E a Tokyo, quando? - Epilogo

Shinichi e Ran

Il cielo limpido si tingeva di rosso, mentre i raggi del sole iniziavano a divenire sempre più flebili, rispecchiandosi sull’asfalto della strada: era il tramonto.
La ragazza, cercando di nascondere il tremore, si trovava in piedi contro la figura slanciata del ragazzo, stagliata sullo sfondo del sole che tramontava oltre l’orizzonte.

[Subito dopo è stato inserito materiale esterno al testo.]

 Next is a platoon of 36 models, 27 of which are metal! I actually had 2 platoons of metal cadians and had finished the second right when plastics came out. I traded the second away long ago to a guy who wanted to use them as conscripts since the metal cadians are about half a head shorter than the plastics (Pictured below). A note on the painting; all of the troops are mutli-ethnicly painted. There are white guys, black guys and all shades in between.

Tuttavia, non erano soli: pochi metri dietro Ran, c’era Sonoko, i calzoncini jeans a fasciarle metà coscia e il leggero top di cotone azzurroa testimoniare che le due ragazze stavano facendo allora rientro dal mare.
Pochi giorni prima, infatti, era stata recapitata all’agenzia investigativa una strana lettera: un invito ad una specie di convegno per detective, nei pressi di Yokohama, nella prefettura di Kanagawa.* Il tono beffardo del mittente aveva indotto Kogoro ad una sonora risata:
“Ahah! Ma con chi crede di avere a che fare questo qui? Io sono il grande Detective Dormiente* Kogoro Mouri, non temo il confronto con altri! Saranno sicuramente dei principianti paragonati a me! Ahah!!”

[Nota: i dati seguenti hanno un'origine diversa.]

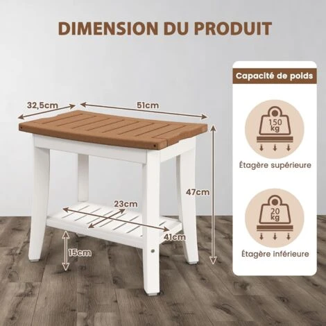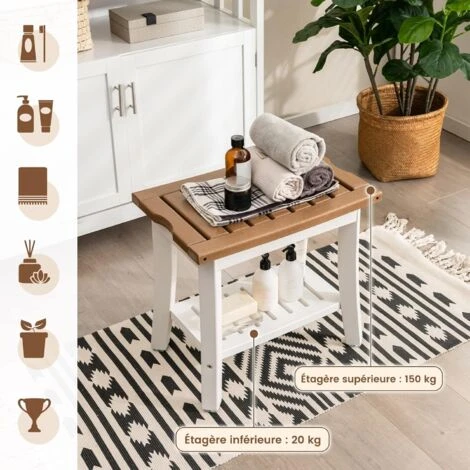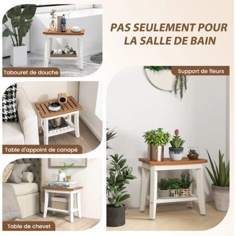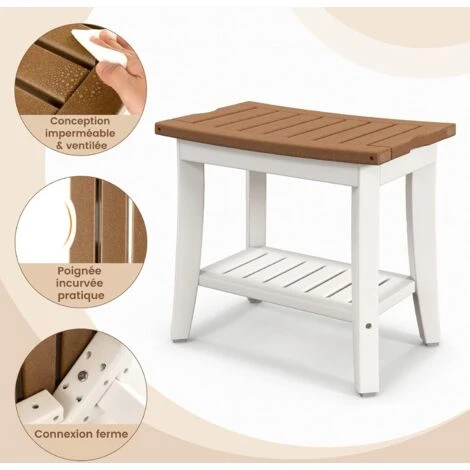 - Sert de banc de douche, d’étagère de rangement, d’étagère à chaussures.

Quelle lodi rivolte a se stesso si erano prolungate per un altro paio di minuti, mentre Ran avvampava, portandosi un dito tra il colletto della camicia ed il collo nel tentativo di prendere aria. Si sentiva soffocare:
-Se davvero sono stati invitati i detective più famosi, allora…allora anche…-

“Sei la ragazza più difficile che io conosca, talmente diversi sono i sentimenti che provi contemporaneamente! Anche se io fossi Holmes per me sarebbe impossibile capirti, perché il cuore della donna che si ama… come potrebbe essere oggetto di deduzione?”

Quelle parole le erano risuonate prepotenti nelle orecchie: forse quello sarebbe stato il momento giusto per rispondergli…certo, non era a Tokyo come si era prefissata, ma…

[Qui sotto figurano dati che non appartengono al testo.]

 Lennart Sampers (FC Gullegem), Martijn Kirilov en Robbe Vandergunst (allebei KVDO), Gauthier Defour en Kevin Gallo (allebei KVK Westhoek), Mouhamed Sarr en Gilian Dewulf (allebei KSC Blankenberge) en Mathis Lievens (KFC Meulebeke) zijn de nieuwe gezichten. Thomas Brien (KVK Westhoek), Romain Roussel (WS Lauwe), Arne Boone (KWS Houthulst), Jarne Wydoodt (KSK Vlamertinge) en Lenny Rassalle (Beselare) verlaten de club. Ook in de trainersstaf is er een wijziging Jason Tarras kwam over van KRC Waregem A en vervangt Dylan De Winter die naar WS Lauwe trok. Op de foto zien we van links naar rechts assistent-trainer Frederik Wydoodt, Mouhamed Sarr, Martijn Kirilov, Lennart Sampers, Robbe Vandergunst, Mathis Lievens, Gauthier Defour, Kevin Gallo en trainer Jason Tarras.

“Ma è grandioso! Capita nel week-end!” si era però intromessa Sonoko, che aveva accompagnato la sua amica a casa da scuola ed era salita in agenzia.
“Facciamo così, Ran: noi accompagniamo tuo padre per un pezzo, poi facciamo una piccola deviazione e andiamo in spiaggia! Dicono che il sole che batte su quella sabbia abbronzi tantissimo! Che ne pensi, eh?” aveva proposto, quasi urlando, con le mani all’altezza del petto.
“Ma…veramente…” gli occhi di Ran si erano ridotti a due minuscoli puntini scuri: i suoi piani così sarebbero andati in fumo…
“Ehm, io…” si schiarì la voce, cercando di assumere un certo contegno. Peccato che le sue guance color porpora tradissero i suoi veri propositi:
“Io preferirei stare al fianco di papà…voglio dire, dovesse servirgli una mano…dovesse succedergli qualcosa…”
“Oh, come sei noiosa, Ran!” aveva replicato Sonoko, ma con uno strano sorrisetto ad illuminarle il viso “E allora facciamo così: alla sera, dal ritorno dal mare, invece di tornare a casa raggiungiamo la villa stabilita per quest’incontro di fissati per i gialli, va bene? Tanto nella lettera c’è scritto che questa specie di convegno durerà tre giorni! Noi ci perderemo soltanto il primo pomeriggio!”
La karateka però non appariva convinta.
“Dai, dammi retta!” aveva insistito “Ti perderai soltanto le presentazioni! E poi…in questo modo, arriverai bella abbronzata per rivedere il tuo principe azzurro, non trovi?” aveva terminato il discorso ammiccando, dimostrandole così di aver perfettamente capito quali fossero i pensieri che affollavano la sua mente.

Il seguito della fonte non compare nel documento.